Why We Must Win Over the Anti-Vaccine Movement

April 17, 2018
By 23456 BRONZE, Ho Chi Minh City, Texas
23456 BRONZE, Ho Chi Minh City, Texas
2 articles 0 photos 0 comments

Being an individual who has been vaccinated all her life, experiencing the stab of pain piercing through your skin is not too pleasant. Most of us, if not all, probably remember visiting the doctor, getting a shot and crying, and receiving a candy at the end. For me, although the candy part wasn’t too awful, I absolutely dreaded the painful part because the ache would continue for days when the taste of the candy lasted for only a minute. As a result, when I was young, no matter how often my parents told me something like, “We’re getting you vaccinated because we don’t want you to get sick!” I never listened to their comments since all I could remember about shots was the piercing pain I would have to feel.


However, my negative perception towards vaccines became more of a positive insight due to an incident I had with a vaccine-preventable illness a while ago. During October 2015, I was meant to be vaccinated with another influenza vaccine shot. However, because I did not want to have another needle piercing through my skin, I tried my best to waver my parents from getting me the shot- and somehow, it worked. Sort of, to be honest.


Most of you might have heard a quote that loosely goes like, “You are free to make whatever choice you want, but you are not free from the consequences of the choice.” Just like what this quote implies, I wasn’t able to escape from the nasty consequences of influenza. I soon ended up lying sick for more than a week which ended up as hours of catching up with school work. Nevertheless, as if this wasn’t enough, I was sick with influenza again in April. Now that I think about it, the only reason I got the same disease twice before even reaching June was because I couldn’t stand three seconds of pain, which is incredibly ridiculous.


By now, it may seem like vaccines play an even more important role in your life than the A’s and B’s you get in school, and even if you haven’t undergone a mind-blowing, draining and devastating disease, most of you still might be aware that vaccines are important for each individual’s health because you were either taught by someone that way or you just have the belief that they are. Some of you, like I have, even might have received vaccine shots all your life for certain vaccine preventable diseases like the influenza, Hepatitis A and B, Pneumococcal Disease, et cetera (“Top Reasons to”).


However, you’ll be startled to know that not everyone has a vaccination schedule like us.


Although it may seem untrue, there still are certain individuals who are against vaccines. One anonymous epidemiologist claimed that common misconceptions on vaccines include arguments that vaccines cause autism, make people sick, and cost loads of money (“8 Common Arguments”).
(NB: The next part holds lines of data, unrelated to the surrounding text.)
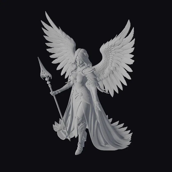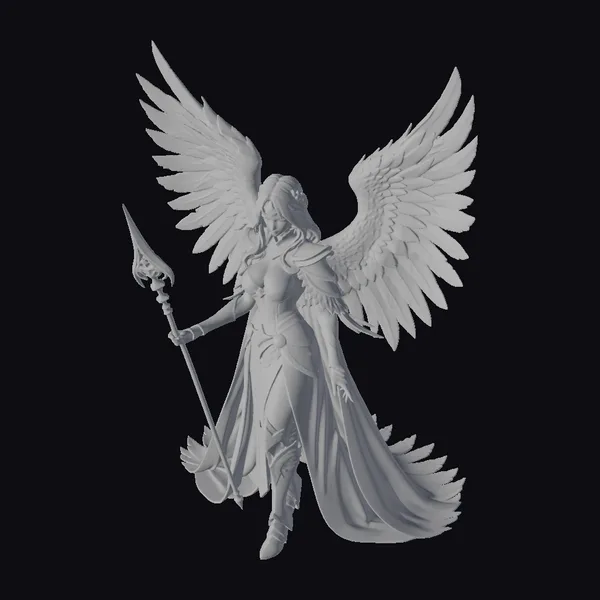 Rendered in exquisite detail, this golden angelic warrior boasts an impressive stance, with her weight shifted onto one leg and her spear at the ready. The gold armor glistens with a subtle sheen, complemented by the delicate texture of her white wings, which appear both strong and serene. Her facial features are finely crafted, with a determined expression that speaks to her unwavering resolve. The long, flowing cape and hair add dynamic movement to the model, even in a static pose. Ideal for use in games, animation projects, or 3D printing, this model brings a touch of divine power to any scene.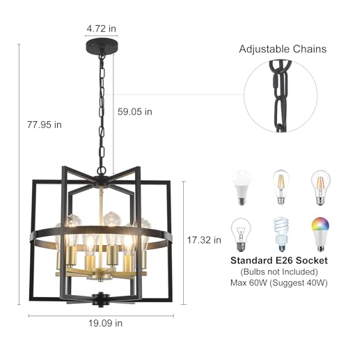 【E26 Bulbs & Dimmable】The metal chandelier requires 6 x E26 bulbs (Max 60W per bulb but suggest 40W). Compatible with LED, Edison, incandescent, halogen bulb(Bulb not included). When the farmhouse chandeliers are used with a dimmable switch or dimmable bulbs(Bulbs and Switch are Not Included) can change the lighting color and brightness to meet your atmosphere needs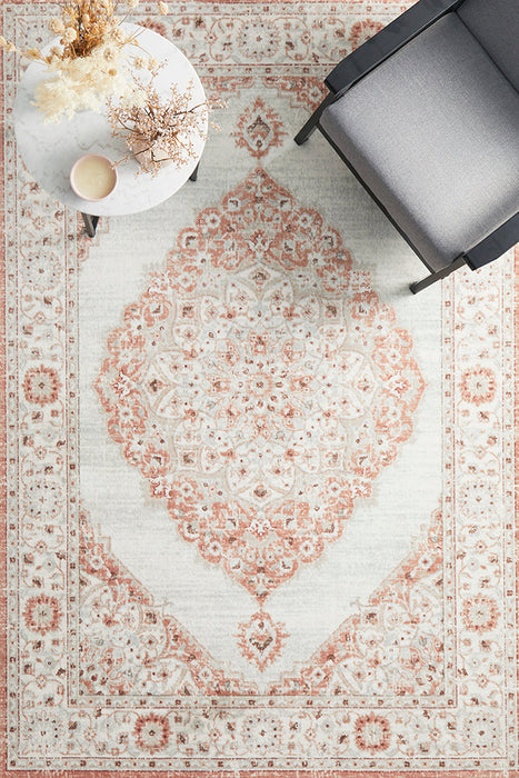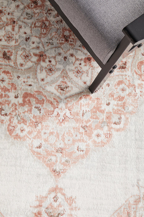 Emotion is a truly stunning transitional piece with a beautiful blend of soft blush peach and ivory hues, topped with ornate floral patterns and an intricate diamond design.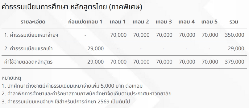 | ค่าใช้จ่ายตลอดหลักสูตร | 29,000 | 70,000 | 70,000 | 70,000 | 70,000 | 70,000 | 379,000 |

The most “pronounced” anti-vaxxer of all times is possibly Jenny McCarthy as she has the idea that the constituents in vaccines caused her son’s autism. According to Jenny McCarthy’s interview with CNN, she asserted “the reason why [the medical business is reluctant to talk about autism] is because there is such a huge business in pharmaceuticals” (“McCarthy”). However, numerous studies have concluded that there is no link between autism and vaccines (“Do Vaccines Cause”).
To add, numerous contagious and deadly illnesses such as influenza, Pneumococcal Disease, and Hepatitis A and B- are vaccine-preventable, and virtually everyone is prone to these diseases yet can be easily prevented by vaccines. However, because these vaccine-preventable diseases haven’t gone away, it is essential for individuals to get themselves vaccinated since these are contagious, and not getting yourself vaccinated is the same as putting another at risk as well (“Top Reasons to”).


Reasons to get vaccinated can also be linked to economic and society-related factors. Generally, vaccine-preventable diseases are expensive once people have them and based on statistics, the amount of money required for curing these diseases exceeds over $10 billion dollars, including both direct and indirect costs (“Top Reasons to”). 


As you can see, there is simply no reason to not vaccinate yourself and your kids. Just because you are scared of gluten more than chicken pox, as one host puts it, spreading something deadly to someone as well shouldn’t be an option. Vaccines are medical products which cannot be omitted from the great inventions list our history has built up and should always be utilized regularly to prevent diseases. Just don’t kill more than yourself.